If we extend that argument, everything I would ask a player to improvise, per my instructions and direction, will mean that I would have to include that player as co-composer. I occasionally hire someone to provide a part that I would not provide myself, such as a wild saxophone solo, and I am not interested in notating it (which would only put the cart before the horse), the chops of the player I'm interested in is in no way available to me from any library, and it might be that I'm looking for personal qualities that I know about from that person, or specify work I know from other particulars and will indicate: 'do
this, here'. I am personally a virtuoso on my own instrument but I'm damned if I can play a soprano sax or something, so I pick someone that can do the part. It isn't his composition, it is mine. EG: there is one album I wrote a number of compositions for - I have the score in my satchel - but the producer was the drummer and felt it was appropriate to stick his name on as co-composer for supplying the drum part. Which was a part I could have done, and the drum contribution only follows the structure of the composition anyway. He is wrong to call himself a composer on these pieces I think.
There are many real-life instances I can make the self-same argument behind. You appear to have the opinion that music is composed in a kind of vacuum and the 'composer' is a God; and anyone that doesn't follow this need to micromanage every detail isn't a composer. Extend that some more and you should demand of yourself that you play every instrument in the orchestra, or at least every roll on a drum must be something you can 'midi'... every trill, every ornamental detail, every gesture must be written out as it was imagined perfectly by The Composer God (Baroque performance practice rather refutes you on this, does it not?) In The Beginning...
NB: for instance, a buzz roll on a snare isn't available to the piano roll composer unless at least a start of the roll is provided in the library. It isn't possible to achieve the effect otherwise. I am an experienced percussionist and am not THE LEAST interested in doing more work than I have to, to realize a part. VSL addresses this for composers on one level, Animato addresses it on another. EG: I have used more than once *loops* in VSL Percussion, 'Thunder Sheet' that provided me with the perfect effect, that wasn't exactly my preconception but did a lot more and enriched the piece. Following your arguments, I should have shot myself in the foot before proceeding, behind the idea 'I am grander (ie., need to be in my own mind) than anything anyone else can provide' and come away with something less.
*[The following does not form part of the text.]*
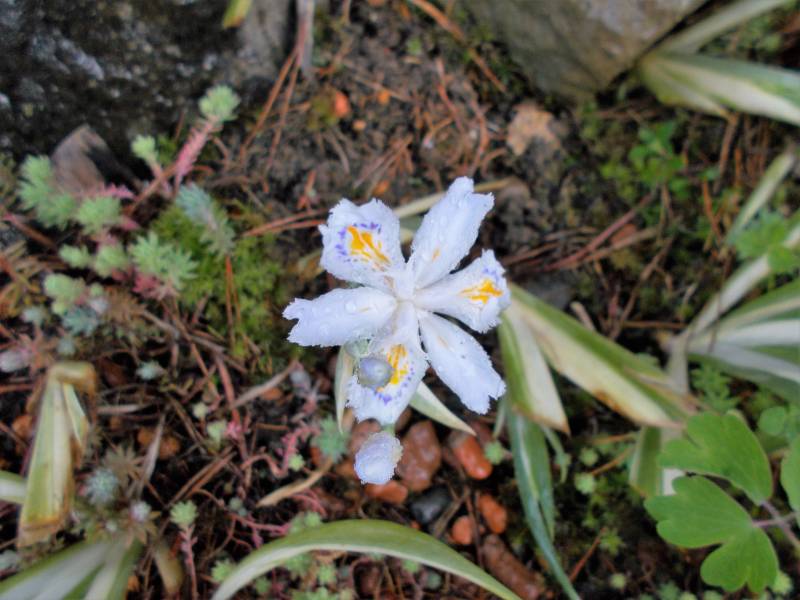 Nie wiem czy to irys , ale możliwe że to wędrujący irys i jeszcze zakwitł malutkim kwiatuszkiem :)

So, your argument is shown, by resorting to the real world, to be of the fallacy, reduction to the absurd. You have a straw man you're leaning on as well, 'loops users', which you will have forced on anyone that doesn't find your requirements to be theirs particularly, in this regard.
You have an opinion you state as if a fact, 'most people that would buy this library are incompetent'. You have that as a premise going in. Your premise is supported only by your opinion and both are circular to each other. I looked closely at Animato and I understand there are a number of things I won't have thought of by particulars but given a context might be very useful and inspiring in the creation of a composition. You will eschew any/all of this in favor of your prejudice (and what might appear to be a pretty grandiose delusion of what a composer does, or 'must do'), and impoverish your creativity accordingly I think.